Obama Administration Provides Update to African Diaspora Communities on U.S. Ebola Response

January 7, 2015
Health Workers Walk Around the Monrovia Medical Unit

Last month, the State Department’s Bureaus of Public Affairs and African Affairs, in coordination with interagency colleagues, hosted a conference call with Assistant Secretary of African Affairs, Linda Thomas-Greenfield and approximately 200 representatives of the African diaspora community from across the United States. Together with officials from USAID, the National Security Council (NSC) and the Centers for Disease Control (CDC), Assistant Secretary of African Affairs, provided an update on the ongoing response to the crisis.

In December 2014, Assistant Secretary Thomas-Greenfield was part of a U.S. delegation to Liberia, led by Assistant Secretary of Defense Michael Lumpkin, to assess the current state of Liberia’s fight against Ebola and U.S. response efforts on the ground. On this call, she reviewed her trip and commended the efforts of U.S. Embassy personnel in Monrovia, who are working around the clock, to support the anti-Ebola effort.  She also stressed that the U.S. Government response to Ebola has been a “whole of government” effort.
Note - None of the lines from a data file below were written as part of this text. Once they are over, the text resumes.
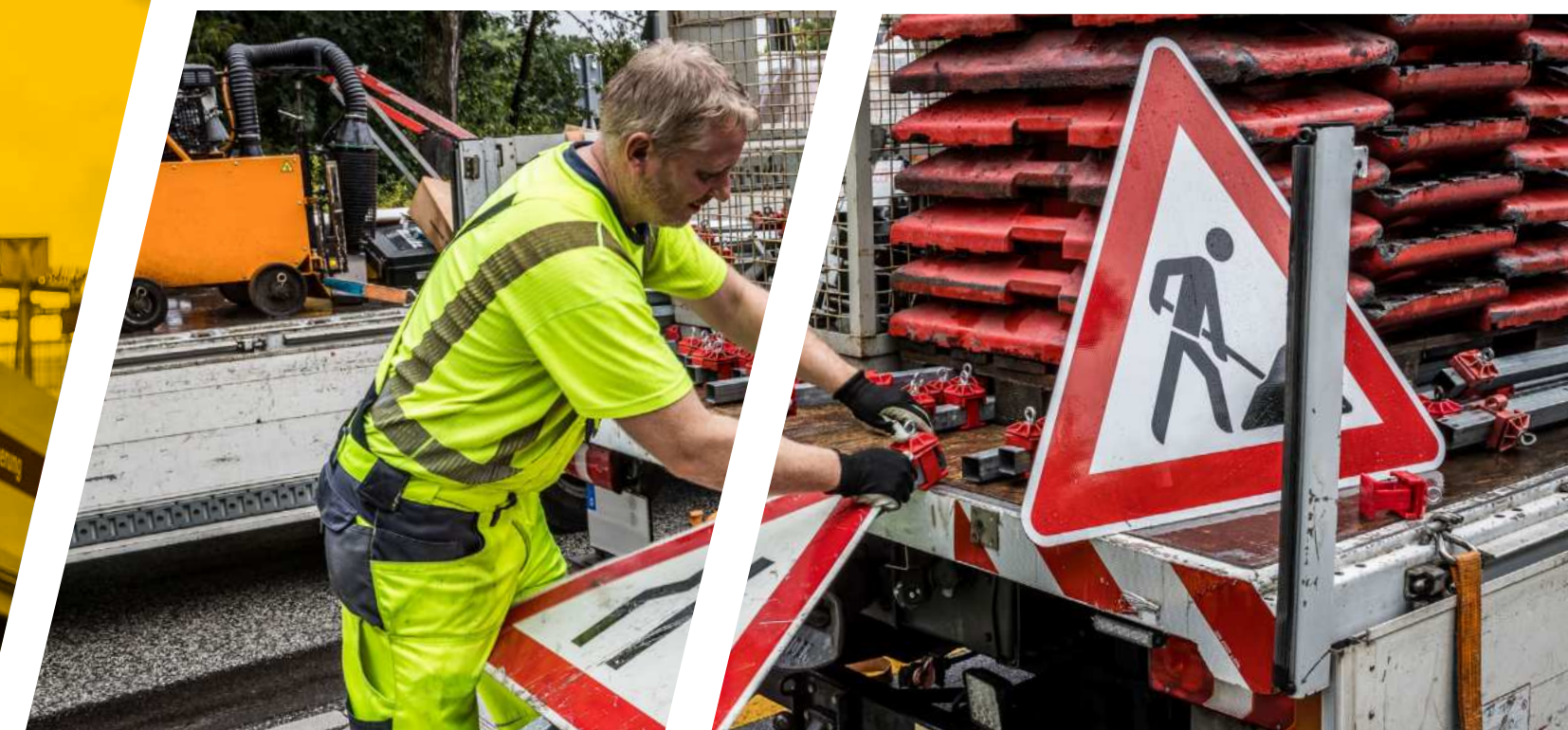
Auf der A 111 bei Berlin wurde der Abschnitt zwischen Rasthof Stolpe und der Zufahrt Schulzendorfer Straße saniert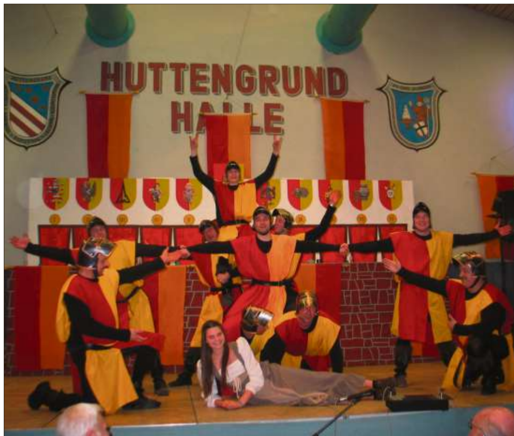
Die „Ritter vom heiligen Gral“ verstanden sich auf Tanz und Akrobatik.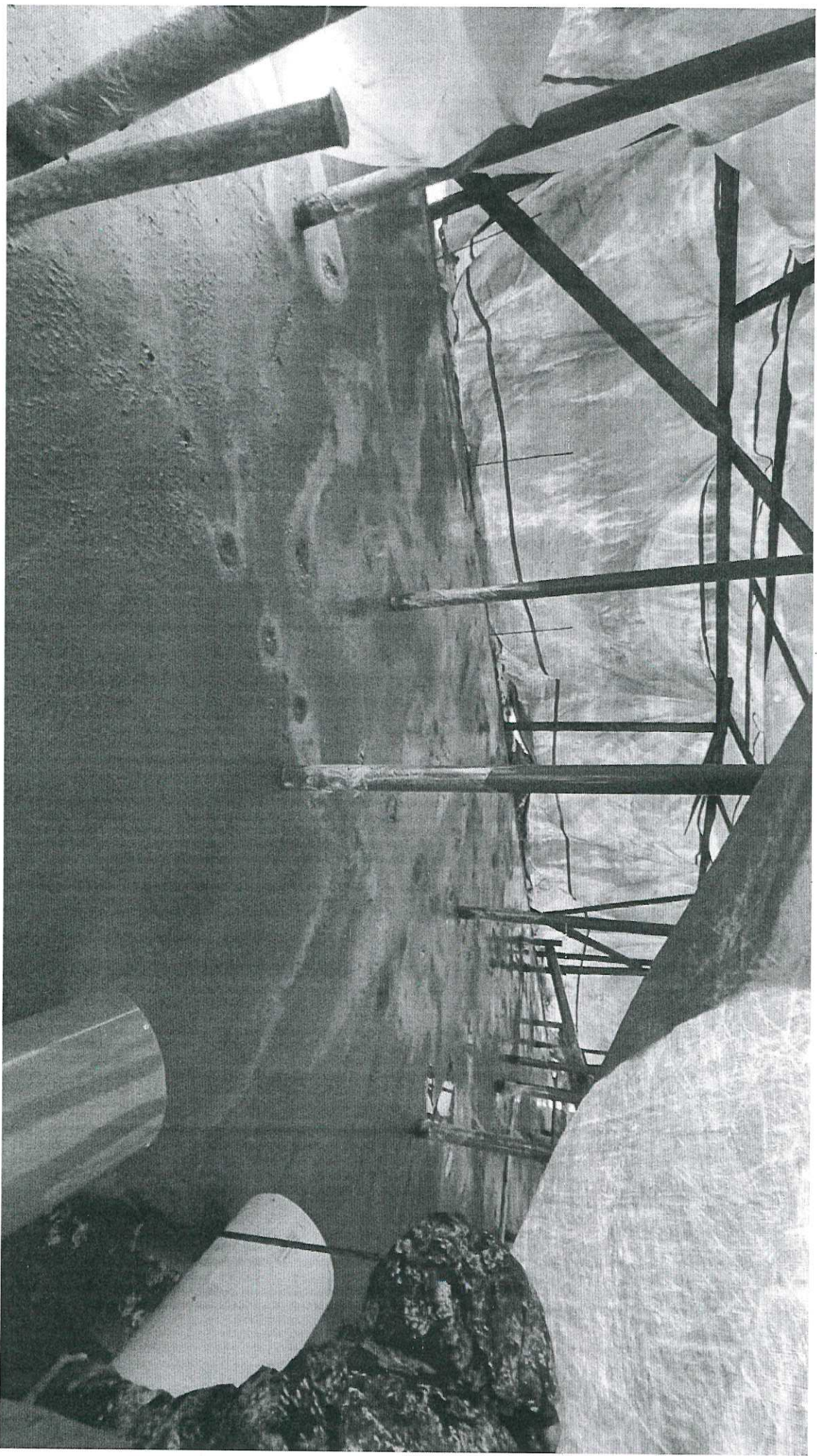
Фотографии объекта по итогам реализации проекта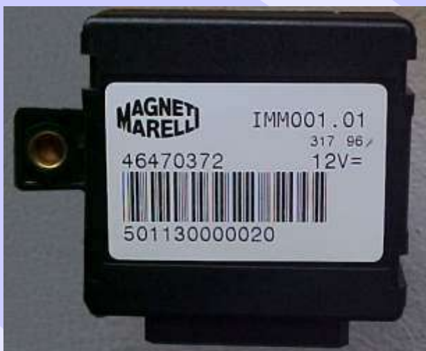
Imobilizador Magneti Marelli 46470372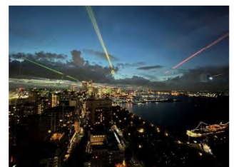
2023年度 中高生部門金賞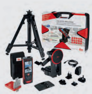
Комплект Leica DISTO™ S910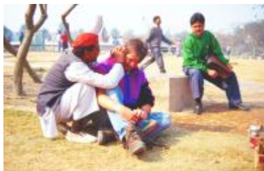
Ohrenputzer bei der Arbeit, Indien

Wie langweilig wäre die Zugfahrt mit der Andenbahn ohne die vier Lokführer gewesen. Hier erfuhr ich das erste Mal über die Probleme Argentiniens , als das Geo Special noch von einem aufstrebenden und blühenden Land schrieb. Oder auch der Busfahrer auf der Fahrt von Buenos Aires nach Iguazu, der mir erklären musste was Mate ist und danach mich damit versorgte.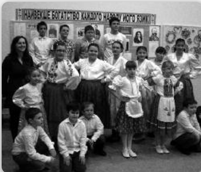
Учашніки програми у школским будинку

На Генералней конференції UNESKO 1999. року було прияте ришенє означованя Медзинародного дзеня мацеринского язика, зоз цильом потримованя язиковей и культурней рижнородносци. При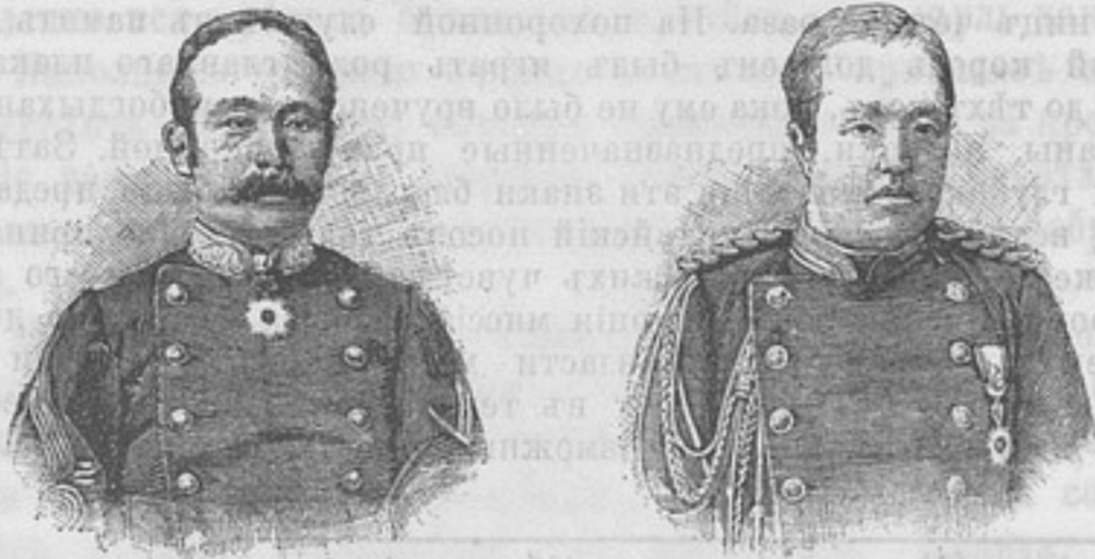
Офицеръ японскаго генеральнаго штаба (въ полной формѣ).

административными лицами, прибѣгающими ко всевозможнымъ средствамъ для обогащенія себя на счетъ народа, и такъ какъ суда искать негдѣ, то рекомендуется взяться за оружіе. За послѣдніе три года мѣстные возстанія случались повсюду въ Корей, но правительство было слѣпо къ этимъ предзнаменованіямъ предстоящей опасности и продолжало свою самоубійственную политику. Въ теченіе послѣднихъ пяти мѣсяцевъ южная провинція Чуллу была неспокойна; всюду замѣчалось броженіе: крестьяне и фермеры собирались на сходки въ опредѣленные центры, а мѣстные мандарины не были въ состояніи разгонять эти сборища. Изъ правительственныхъ складовъ начало пропадать оружіе и разные запасы. Приверженцы партіи, снабженные такимъ образомъ оружіемъ, не только успѣшно сопротивлялись всѣмъ усиленіямъ подавить революціонное движеніе, но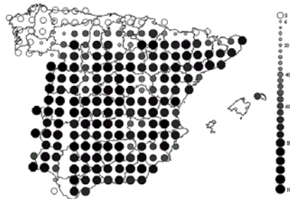
Figura 1. Los círculos representan el porcentaje de cuadrículas UTM 10x10 km ocupadas por la especie en bloques UTM de 50x50 km, Sociedad Española de Ornitología .

Distribuido por la inmensa mayoría del Centro y Sur de la península (Fig.1), sólo faltando en la mayoría del sector atlántico Ibérico y en la alta montaña pirenaica, y siendo menos frecuente en los macizos montañosos del centro y sur.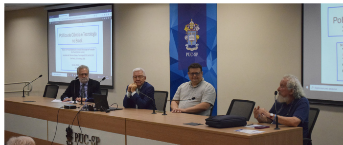
A mesa do debate Política de Ciências e Tecnologia no Brasil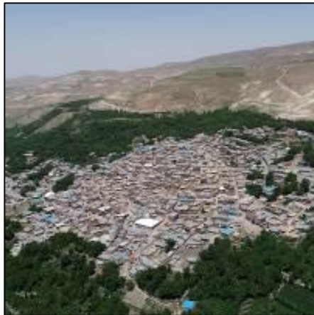
شکل 16: قرارگیری روستا در پهنه کوه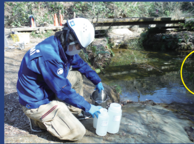
本社付近の川にて採水

In response to questions from call participants, Assistant Secretary Thomas-Greenfield noted that, after several very difficult months, Liberia has made significant gains in the fight against Ebola. She also added that more work remains to be done until Liberia is Ebola-free. To that end, she urged Liberians not to change the practices that have been put in place to ensure the eradication of this disease. 

The Assistant Secretary also remarked that Ebola is a “regional problem,” not a Liberian problem, and one that requires tremendous teamwork and international coordination.  In that regard, she described the collaborative efforts of the U.S. embassy, USAID, the CDC, the African Union and Liberians as nothing short of “impressive.”

Thomas-Greenfield remains engaged in coordination efforts with other U.S. Government agencies and colleagues in the international community around the recovery program in the region, the state of the health sector, and the conditions for improvement in education and infrastructure.

The U.S. Government continues to stand with Liberia, and knows that this is a situation that they cannot fight alone.  Liberia and other Ebola-affected countries need the support of the international community and we are committed to providing that support.  President Obama made that very clear when he said that this is a national security crisis, not only for the region, but for the world.

For more information on the ongoing U.S. response to the virus, please visit our State Department page here.

About the Author: David Duckenfield serves as Deputy Assistant Secretary of State in the Bureau of Public Affairs.



john l.
Illinois, USA
January 8, 2015

USA Government is taking every necessity step to stop Ebola virus in country.

Amadu M.
Texas, USA
January 8, 2015
While this is great that the Americans were able to quickly turn things around in Liberia to a minimum number of new cases; it is prudent that they not run away from the war now that they have succeeded in the Liberian battle. Sierra Leone especially and Guinea, still need a lot of help. And if the new strategy is to go to zero cases then leaving one case in Sierra Leone or Guinea can start another epidemic. In fact the current one started with just a single case. We need to be cognizant of that, and I am sure we are; but with US troops returning already we need to be cautioned.
kamara o.
January 15, 2015
Thank u America,for job well done,please don,t give up until the disease is eradicated in,liberia,Guinea and Sierra-Leone.Thanks,so much may GOD,bless the U.S.A.